• WHAT IS NEEDED
Leaving out the images, please output every entry exactly as it appears.

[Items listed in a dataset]
----------------
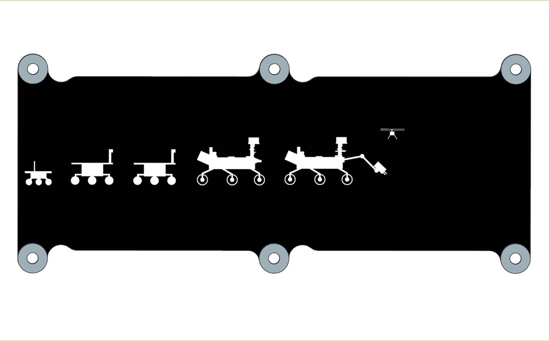 This artwork is etched onto a metal plate attached to the deck of the Mars Perseverance rover. The image depicts all of the rovers which have driven on Mars. On the far left is the Sojourner rover (1997), followed by twin rovers Spirit and Opportunity (2004), then Curiosity (2012), and Perseverance (2021). The rovers have gotten larger and more capable of exploring challenging terrain. Also pictured is Ingenuity, a helicopter which could demonstrate the first powered flight on Mars.
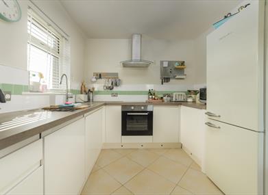 Kitchen/Dining area: Electric oven, electric hob, fridge, freezer, washing machine, dishwasher, microwave, dining table & four chairs
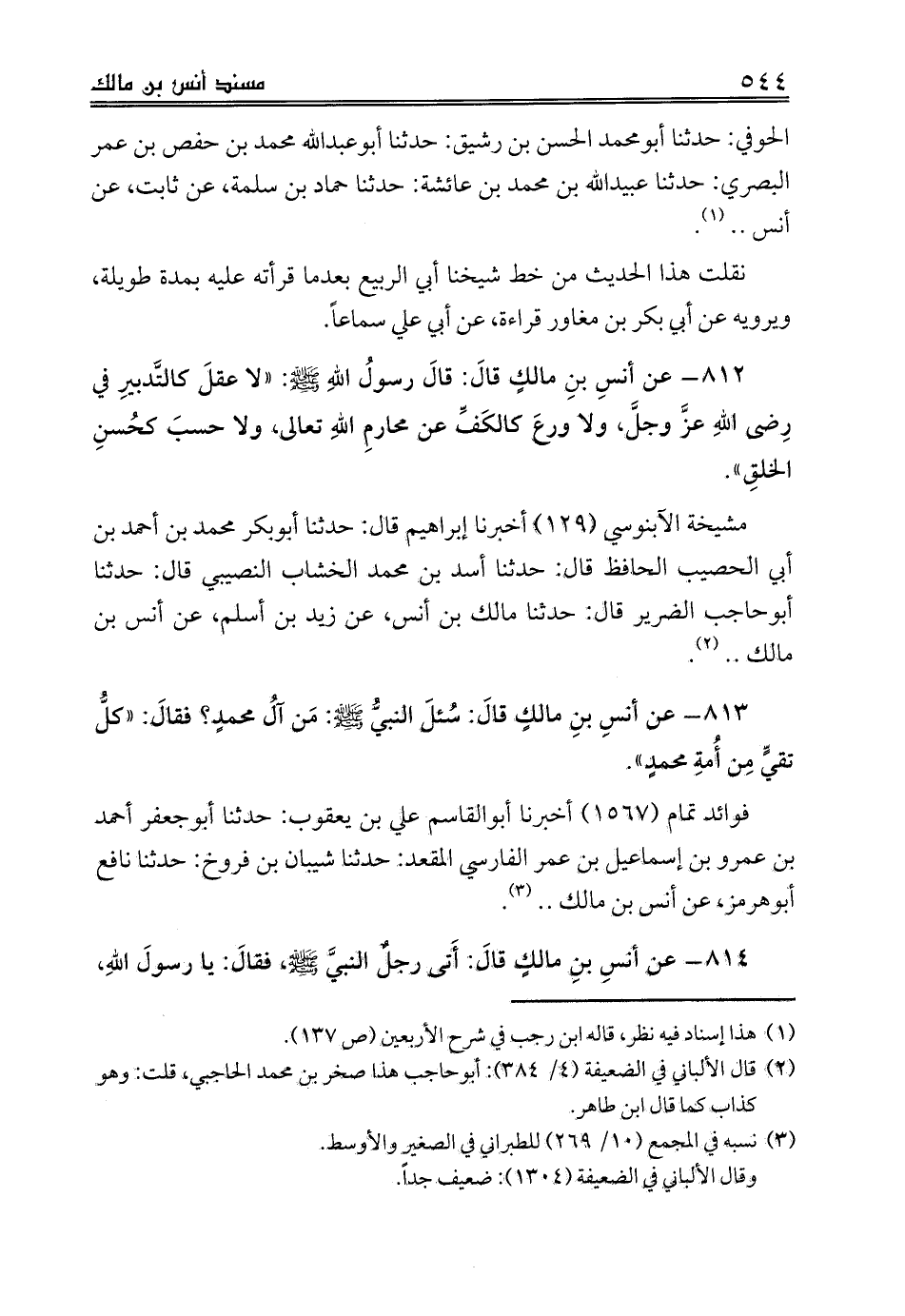 812 - عن أنسِ بنِ مالكٍ قالَ: قالَ رسولُ اللهِ صلى الله عليه وسلم: «لا عقلَ كالتَّدبيرِ في رِضى اللهِ عزَّ وجلَّ، ولا ورعَ كالكَفِّ عن محارمِ اللهِ تعالى، ولا حسبَ كحُسنِ الخلقِ».
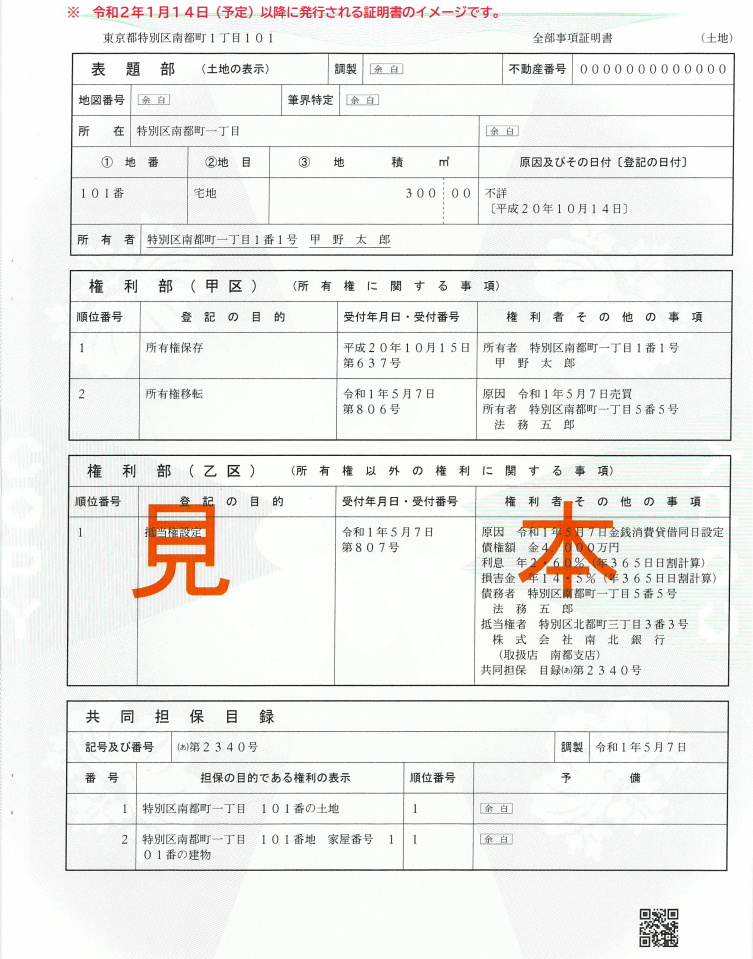 なお、この記事で登記簿は誰もが閲覧できるとご紹介しましたが、法務省が公開する、登記簿を写した書面である登記事項証明書の見本は以下のとおりです。
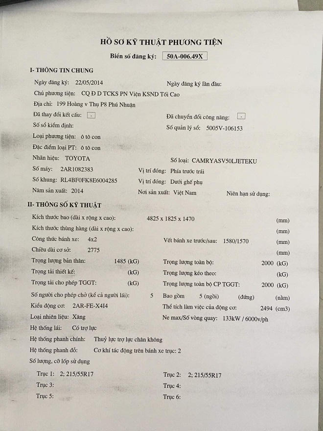 Tra cứu thông tin, biển số xanh này được đăng ký vào ngày 22/05/2014, chủ phương tiện là Cơ quan đại diện Tạp chí kiểm sát phía Nam VKSND Tối cao, có địa chỉ tại số 199 đường Hoàng Văn Thụ, phường 8, quận Phú Nhuận (TP HCM).
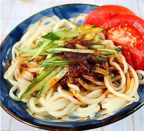 6、冰好的面上浇上蒜泥水,铺上黄瓜丝西红柿即可。
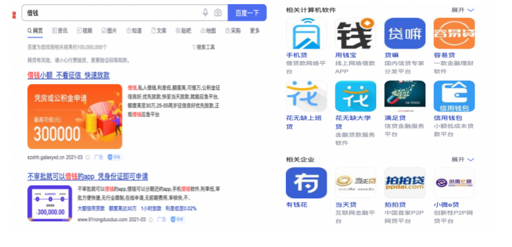门槛低、随借随还、足不出户、手续简便,网贷平台的小广告无处不在。只要输入“借钱”,就可以发现各种各样的网络平台以及app,另外,常见的许多app也提供借贷服务,如支付宝的花呗、借呗,京东的白条,携程的借去花……网络借贷可以说是无处不在。一般而言只要向平台提供个人身份证,完成实名后就可以向这些平台借钱,部分平台额度高达几万、十几万,“轻轻松松”十几分钟,用户就可以借到几万乃至几十万。但是借钱一时爽,还钱却是火葬场。
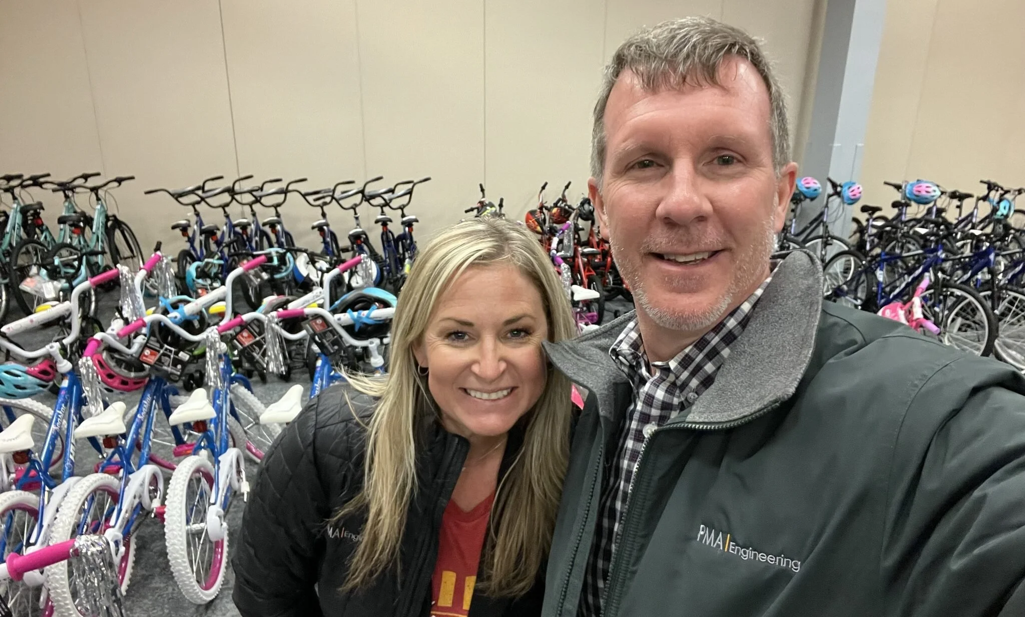 Jeff and Erin are in the Bike Room at the Red Bags KC center. Hundreds of bikes have been donated by so many wonderful people wanting to help others during this season. The bikes, along with presents, will be sent out to around 2,000 children and adults this Christmas through this completely volunteer charity.
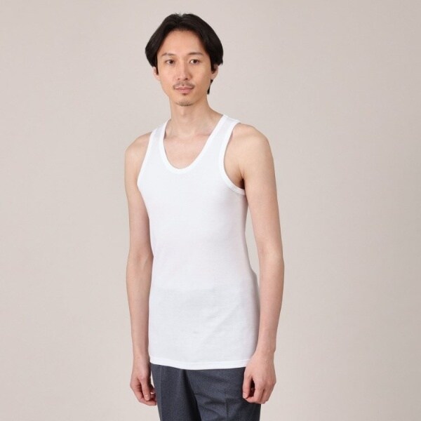 シャツのインナーとして、ビジネスシーンにも活躍するベーシックタンクトップ。
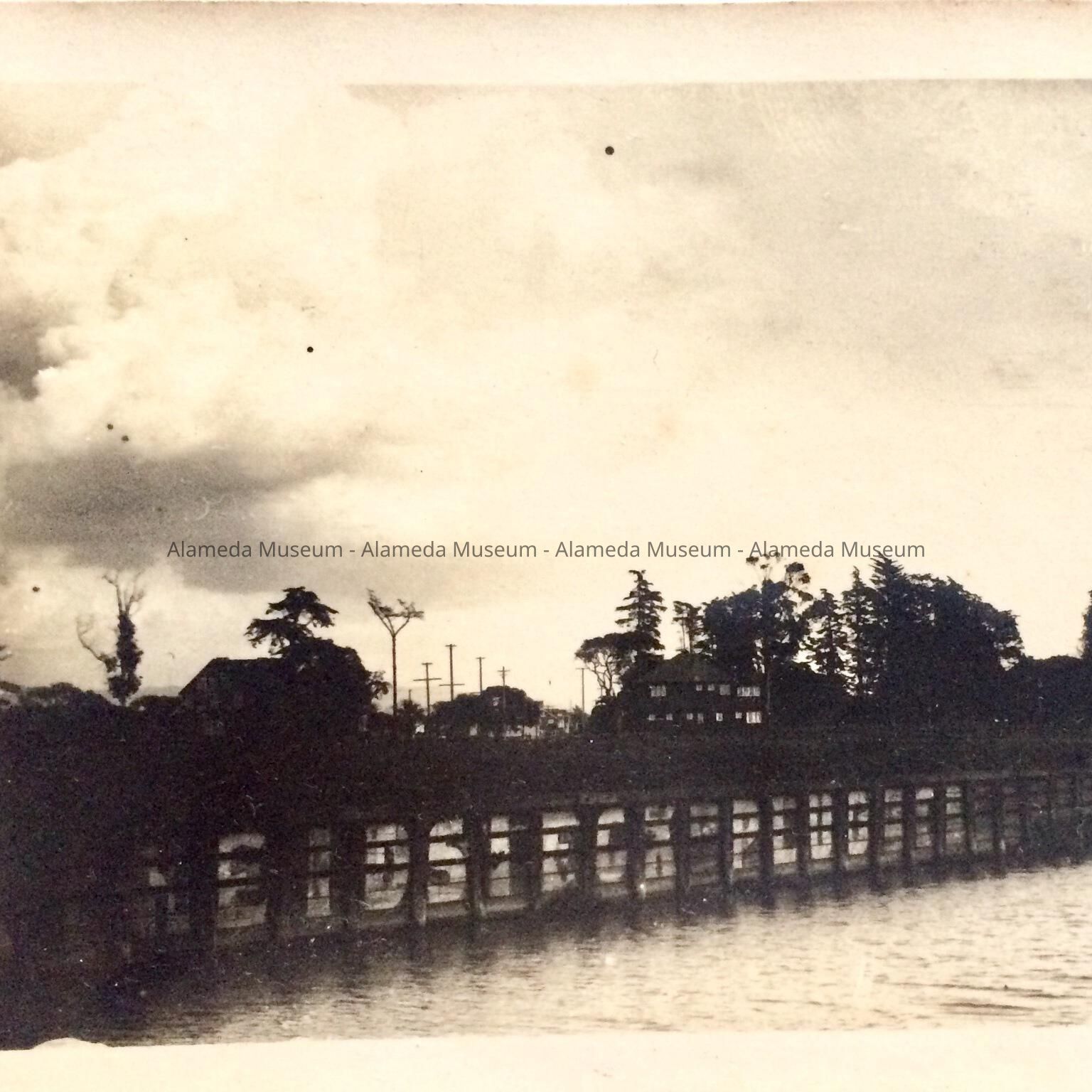 Description: Uncirculated 'real' postcard, of black-and-white photo depicting a moderately narrow channel of water, a shoreline, reinforced with wooden or metal boards, which prominently advertise 'Reidsieck-plug' (tobacco), with dark-silhouetted houses, trees, and telegraph poles. Verso has handwritten in pencil: 'Alameda'.
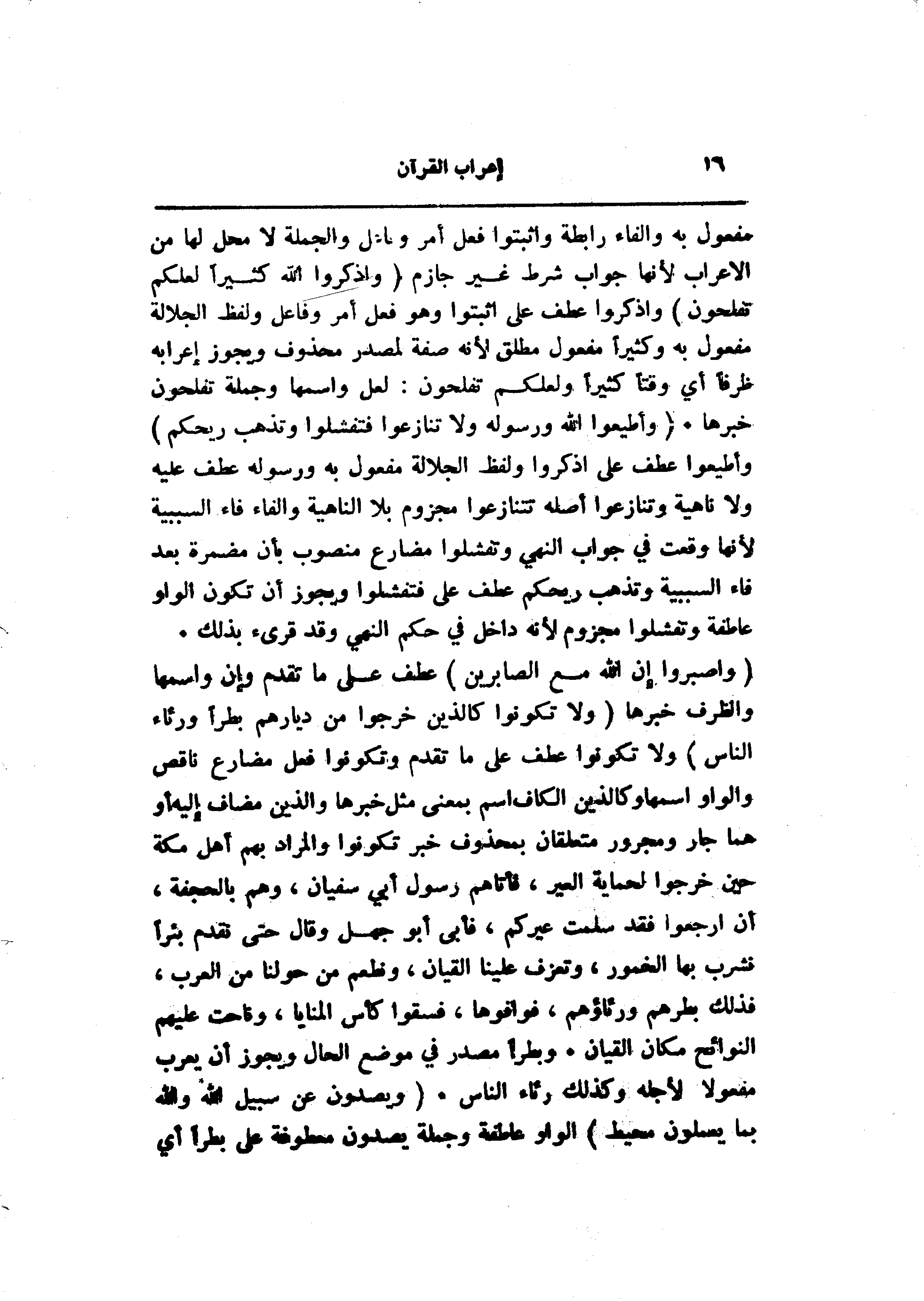 مفعول به والفاء رابطة واثبتوا فعل أمر وفاعل والجملة لا محل لها من الإعراب لأنها جواب شرط غير جازم (وَاذْكُرُوا اللَّهَ كَثِيراً لَعَلَّكُمْ تُفْلِحُونَ) واذكروا عطف على اثبتوا وهو فعل أمر وفاعل ولفظ الجلالة مفعول به وكثيرا مفعول مطلق لأنه صفة لمصدر محذوف ويجوز إعرابه ظرفا أي وقتا كثيرا ولعلكم تفلحون: لعل واسمها وجملة تفلحون خبرها. (وَأَطِيعُوا اللَّهَ وَرَسُولَهُ وَلا تَنازَعُوا فَتَفْشَلُوا وَتَذْهَبَ رِيحُكُمْ) وأطيعوا عطف على اذكروا ولفظ الجلالة مفعول به ورسوله عطف عليه ولا ناهية وتنازعوا أصله تتنازعوا مجزوم بلا الناهية والفاء فاء السببية لأنها وقعت في جواب النهي وتفشلوا مضارع منصوب بأن مضمرة بعد فاء السببية وتذهب ريحكم عطف على فتفشلوا ويجوز أن تكون الواو عاطفة وتفشلوا مجزوم لأنه داخل في حكم النهي وقد قرىء بذلك.
----------------
• EXERCISE RESULT
 This artwork is etched onto a metal plate attached to the deck of the Mars Perseverance rover. The image depicts all of the rovers which have driven on Mars. On the far left is the Sojourner rover (1997), followed by twin rovers Spirit and Opportunity (2004), then Curiosity (2012), and Perseverance (2021). The rovers have gotten larger and more capable of exploring challenging terrain. Also pictured is Ingenuity, a helicopter which could demonstrate the first powered flight on Mars.
 Kitchen/Dining area: Electric oven, electric hob, fridge, freezer, washing machine, dishwasher, microwave, dining table & four chairs
 812 - عن أنسِ بنِ مالكٍ قالَ: قالَ رسولُ اللهِ صلى الله عليه وسلم: «لا عقلَ كالتَّدبيرِ في رِضى اللهِ عزَّ وجلَّ، ولا ورعَ كالكَفِّ عن محارمِ اللهِ تعالى، ولا حسبَ كحُسنِ الخلقِ».
 なお、この記事で登記簿は誰もが閲覧できるとご紹介しましたが、法務省が公開する、登記簿を写した書面である登記事項証明書の見本は以下のとおりです。
 Tra cứu thông tin, biển số xanh này được đăng ký vào ngày 22/05/2014, chủ phương tiện là Cơ quan đại diện Tạp chí kiểm sát phía Nam VKSND Tối cao, có địa chỉ tại số 199 đường Hoàng Văn Thụ, phường 8, quận Phú Nhuận (TP HCM).
 6、冰好的面上浇上蒜泥水,铺上黄瓜丝西红柿即可。
门槛低、随借随还、足不出户、手续简便,网贷平台的小广告无处不在。只要输入“借钱”,就可以发现各种各样的网络平台以及app,另外,常见的许多app也提供借贷服务,如支付宝的花呗、借呗,京东的白条,携程的借去花……网络借贷可以说是无处不在。一般而言只要向平台提供个人身份证,完成实名后就可以向这些平台借钱,部分平台额度高达几万、十几万,“轻轻松松”十几分钟,用户就可以借到几万乃至几十万。但是借钱一时爽,还钱却是火葬场。
 Jeff and Erin are in the Bike Room at the Red Bags KC center. Hundreds of bikes have been donated by so many wonderful people wanting to help others during this season. The bikes, along with presents, will be sent out to around 2,000 children and adults this Christmas through this completely volunteer charity.
 シャツのインナーとして、ビジネスシーンにも活躍するベーシックタンクトップ。
 Description: Uncirculated 'real' postcard, of black-and-white photo depicting a moderately narrow channel of water, a shoreline, reinforced with wooden or metal boards, which prominently advertise 'Reidsieck-plug' (tobacco), with dark-silhouetted houses, trees, and telegraph poles. Verso has handwritten in pencil: 'Alameda'.
 مفعول به والفاء رابطة واثبتوا فعل أمر وفاعل والجملة لا محل لها من الإعراب لأنها جواب شرط غير جازم (وَاذْكُرُوا اللَّهَ كَثِيراً لَعَلَّكُمْ تُفْلِحُونَ) واذكروا عطف على اثبتوا وهو فعل أمر وفاعل ولفظ الجلالة مفعول به وكثيرا مفعول مطلق لأنه صفة لمصدر محذوف ويجوز إعرابه ظرفا أي وقتا كثيرا ولعلكم تفلحون: لعل واسمها وجملة تفلحون خبرها. (وَأَطِيعُوا اللَّهَ وَرَسُولَهُ وَلا تَنازَعُوا فَتَفْشَلُوا وَتَذْهَبَ رِيحُكُمْ) وأطيعوا عطف على اذكروا ولفظ الجلالة مفعول به ورسوله عطف عليه ولا ناهية وتنازعوا أصله تتنازعوا مجزوم بلا الناهية والفاء فاء السببية لأنها وقعت في جواب النهي وتفشلوا مضارع منصوب بأن مضمرة بعد فاء السببية وتذهب ريحكم عطف على فتفشلوا ويجوز أن تكون الواو عاطفة وتفشلوا مجزوم لأنه داخل في حكم النهي وقد قرىء بذلك.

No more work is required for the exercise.